• _Exercise instructions_: Copy each line below exactly and leave the pictures out.

• _Stored data_:
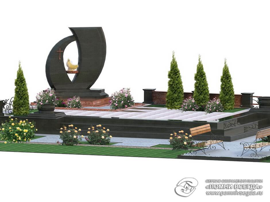 Реализация двойного мемориального комплекса на очень большой площади. Такие размеры участка в Москве и области для большинства просто недостижимы. Создать удачную композицию на такой площади не просто. Необходим комплексный подход. Важно правильное сочетание свободного пространства и композиции с акцентами внимания.
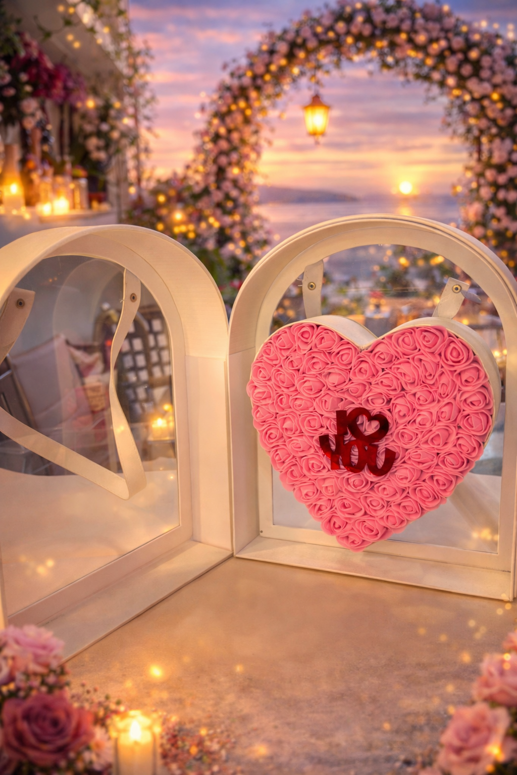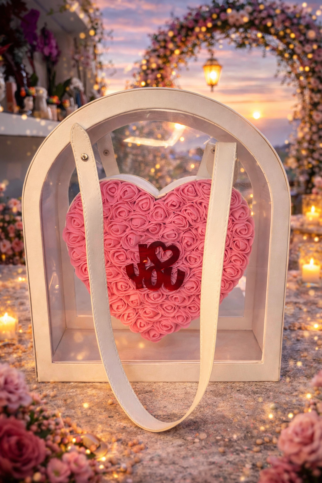 Τσάντα χειρός λευκή με εσωτερική καρδιά με μικρά foam ροζ τριαντάφυλλα που διαρκούν για πάντα & κόκκινο plexiglass I love you 🥰
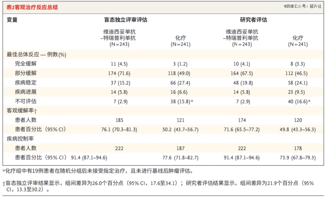 不仅在研究主要双终点中表现出色,维迪西妥单抗+特瑞普利单抗组合的ORR、DCR也同样过硬。治疗组76.1%的ORR远超对照组的50.2%,治疗组DCR则是高达91.4%,远超对照组的77.6%。
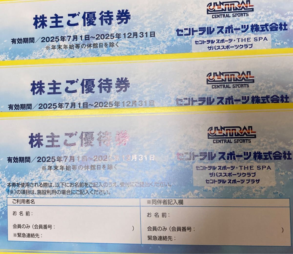 Product name: フィットネスクラブ セントラルスポーツ 株主ご優待券 3枚セット 有効期限 2025年12月31日
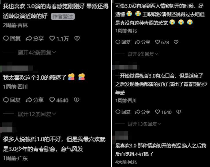 而相比于少年组的悸动,成年组虽然也演技很在线,但是效果明显不如3.0版本惊艳。
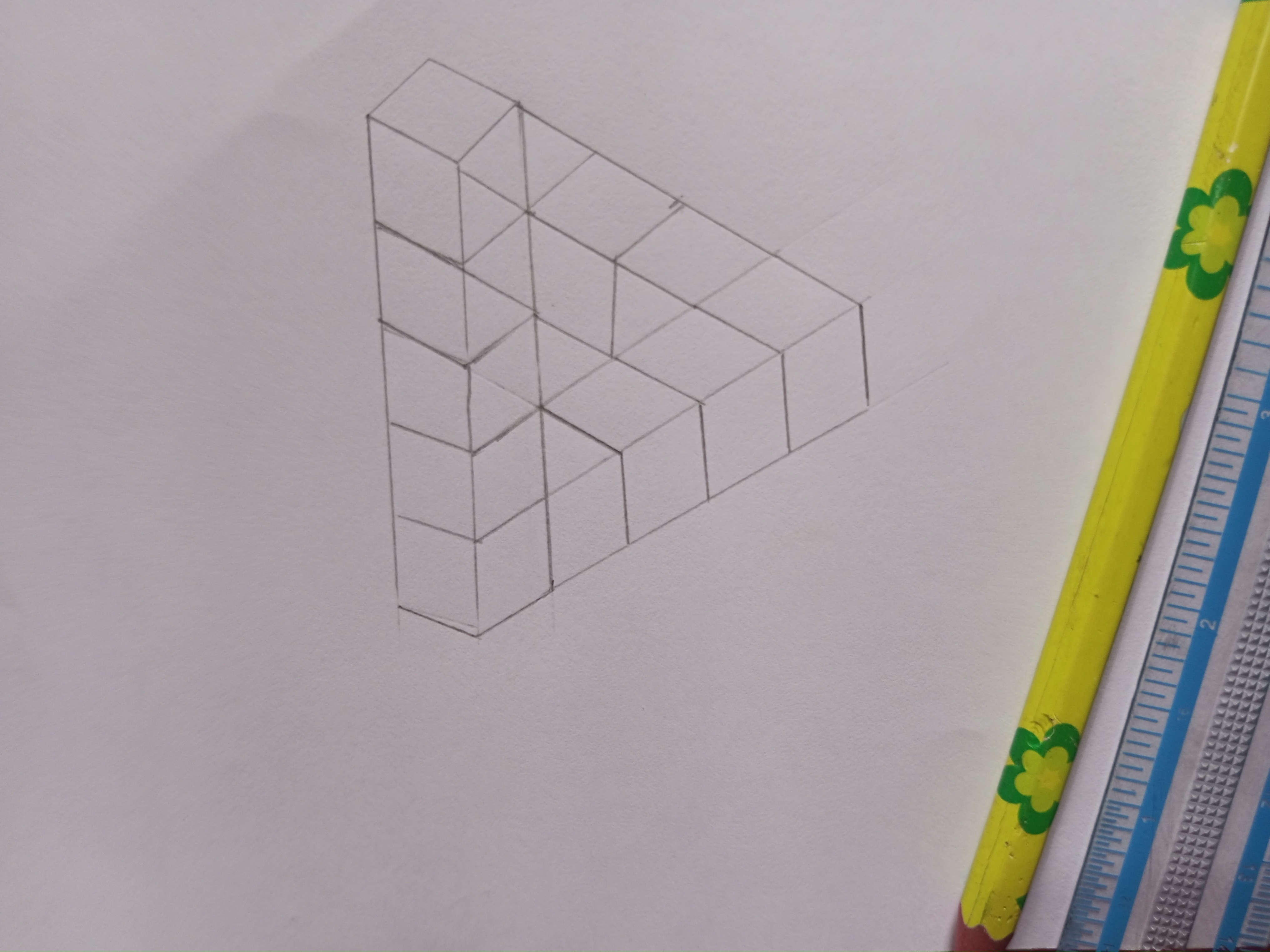 প্রতিদিনের মতো আজও আপনাদের মাঝে নতুন একটি পোস্ট নিয়ে হাজির হলাম। আজ আমি আপনাদের সাথে চমৎকার একটা আর্ট শেয়ার করতে চলে আসলাম। আজকের আর্টের নাম 3d Triangle আর্ট। এই আর্ট গুলো দেখলে অনেকটা দৃষ্টিভ্রমের সৃষ্টি হয়। এই ধরনের আর্ট গুলো দেখলে মনে হয় অংকন করা বেশ কঠিন হবে। কিন্তু ধাপে ধাপে অংকন করার পর বোঝা যায় এই আর্টগুলো কতটা সহজ। আমার কাছে তো 3d Triangle আর্ট গুলো করতে খুবই ভালো লাগে। তাইতো মাঝে মাঝে এ ধরনের আর্ট গুলো আপনাদের সাথে শেয়ার করে থাকি। তাহলে চলুন আজকের তৈরি এই 3d Triangle আর্টটি আমি কি কি উপকরণ এবং কিভাবে তৈরি করলাম সেটি স্টেপ বাই স্টেপ আপনাদের মাঝে শেয়ার করি।
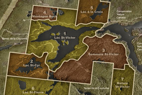 The St-Victor summits are located south of lake St-Victor and are about 200 acres (80 hectares).This magnificent site offers private and peaceful estates all located on leveled mountain tops for easy constructions, ideal for a pool and tennis court.
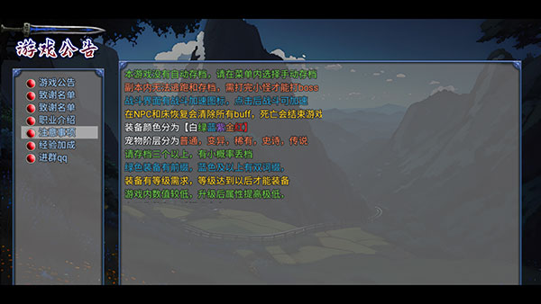 4、本游戏是刷子游戏,那些总想着可以挂所有怪的玩家,挂机战斗后直接恢复的玩家,在这里说声抱歉,这个游戏不是挂机游戏,只是游戏有挂机,我在尽量不损害游戏初衷的情况下,已经尽量改了一部分设定,以后不会在boss挂机,战斗恢复上修改了;

• _Output for this exercise_:
 Реализация двойного мемориального комплекса на очень большой площади. Такие размеры участка в Москве и области для большинства просто недостижимы. Создать удачную композицию на такой площади не просто. Необходим комплексный подход. Важно правильное сочетание свободного пространства и композиции с акцентами внимания.
 Τσάντα χειρός λευκή με εσωτερική καρδιά με μικρά foam ροζ τριαντάφυλλα που διαρκούν για πάντα & κόκκινο plexiglass I love you 🥰
 不仅在研究主要双终点中表现出色,维迪西妥单抗+特瑞普利单抗组合的ORR、DCR也同样过硬。治疗组76.1%的ORR远超对照组的50.2%,治疗组DCR则是高达91.4%,远超对照组的77.6%。
 Product name: フィットネスクラブ セントラルスポーツ 株主ご優待券 3枚セット 有効期限 2025年12月31日
 而相比于少年组的悸动,成年组虽然也演技很在线,但是效果明显不如3.0版本惊艳。
 প্রতিদিনের মতো আজও আপনাদের মাঝে নতুন একটি পোস্ট নিয়ে হাজির হলাম। আজ আমি আপনাদের সাথে চমৎকার একটা আর্ট শেয়ার করতে চলে আসলাম। আজকের আর্টের নাম 3d Triangle আর্ট। এই আর্ট গুলো দেখলে অনেকটা দৃষ্টিভ্রমের সৃষ্টি হয়। এই ধরনের আর্ট গুলো দেখলে মনে হয় অংকন করা বেশ কঠিন হবে। কিন্তু ধাপে ধাপে অংকন করার পর বোঝা যায় এই আর্টগুলো কতটা সহজ। আমার কাছে তো 3d Triangle আর্ট গুলো করতে খুবই ভালো লাগে। তাইতো মাঝে মাঝে এ ধরনের আর্ট গুলো আপনাদের সাথে শেয়ার করে থাকি। তাহলে চলুন আজকের তৈরি এই 3d Triangle আর্টটি আমি কি কি উপকরণ এবং কিভাবে তৈরি করলাম সেটি স্টেপ বাই স্টেপ আপনাদের মাঝে শেয়ার করি।
 The St-Victor summits are located south of lake St-Victor and are about 200 acres (80 hectares).This magnificent site offers private and peaceful estates all located on leveled mountain tops for easy constructions, ideal for a pool and tennis court.
 4、本游戏是刷子游戏,那些总想着可以挂所有怪的玩家,挂机战斗后直接恢复的玩家,在这里说声抱歉,这个游戏不是挂机游戏,只是游戏有挂机,我在尽量不损害游戏初衷的情况下,已经尽量改了一部分设定,以后不会在boss挂机,战斗恢复上修改了;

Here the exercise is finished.